2 From what I have been able to find out (isn't Google wonderful?) all fungal attacks cause some form of damage to the leaves as the attack progresses. Very close inspection seems to show that my grass is dying from the base up, not the other way round. Yellowing seems to progress up the blade of grass from the bottom, and each blade of grass seems to remain healthy up to the point at which it starts to die, which is not what I expected.

3 Covering part of the lawn with plastic overnight (see above) did not cause the appearance of any fungus-like, cotton-wool like, spiders-web like etc etc growth.

4 My initial thoughts were Dollar Spot. It's fine leaved turf and it has been a wet but warm summer which I understand (thank you again Google) is an ideal scenario for Dollar Spot. (However, there are a few tufts of what looks like Yorkshire Fog and it's killing that too). Furthermore, the affected areas do have a distinct smell, even from a few feet away if you tuned in to it. Not an unpleasant smell, definately not stale urine, but vaguely sort of fungus-like. Well there you are, I hear you say. Why are you writing this?

5 Well, the lawn has been treated with fungicide, twice. It was treated with Bayer "Lawn Disease Control" as soon as the symptoms appeared. I was sure it was Dollar Spot and I had cracked it. It made no difference. If anything it got worse. Two weeks ago I treated it again and the infection continues apace. I didn't necessarily expect it to just stop, my luck doesn't run like that, but I did expect it to at least slow down. Fungicide has had no effect at all.

Now I'm desperate. I can't find any explanation that fits the facts.
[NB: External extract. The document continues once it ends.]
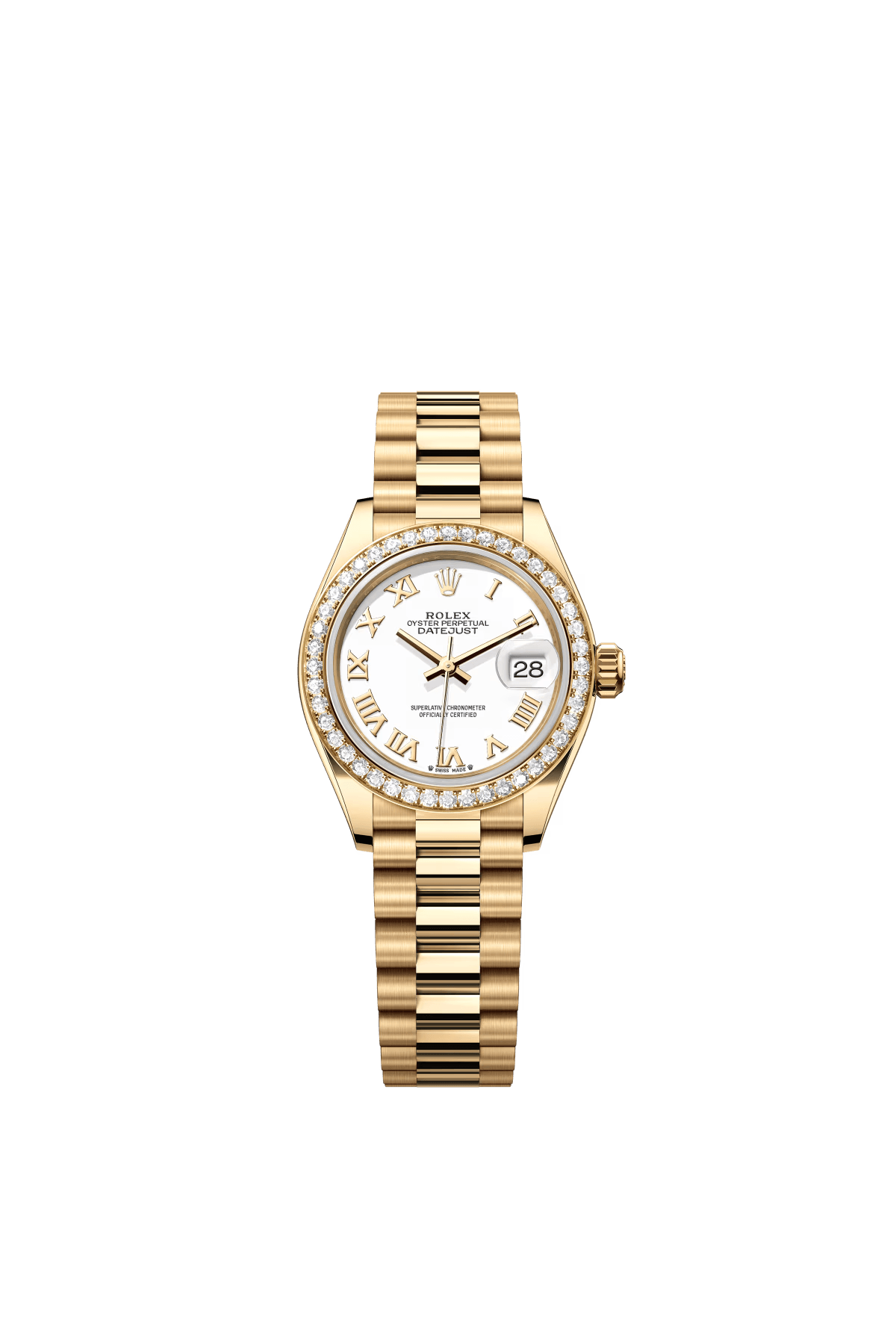 The Oyster Perpetual Lady-Datejust in 18 ct yellow gold with a white dial and President bracelet. -m279138rbr-0031 28mm

Two summer's work went into landscaping my front garden and I'm watching it die before my eyes.

Has anyone come across anything like this before?

I should add, south facing, no overhanging trees, no large shrubs in the vicinity to take all the moisture, well drained, no shade.

Just to give you some idea of how fast it's spreading, the area at bottom left in the second picture looked like the bottom right, which is just starting to die off, about 10 days ago, and the area top right looked like bottom left. In two weeks or so pretty much all of the are in the second picture will be dead.

Thanks for sparing me the time to read this.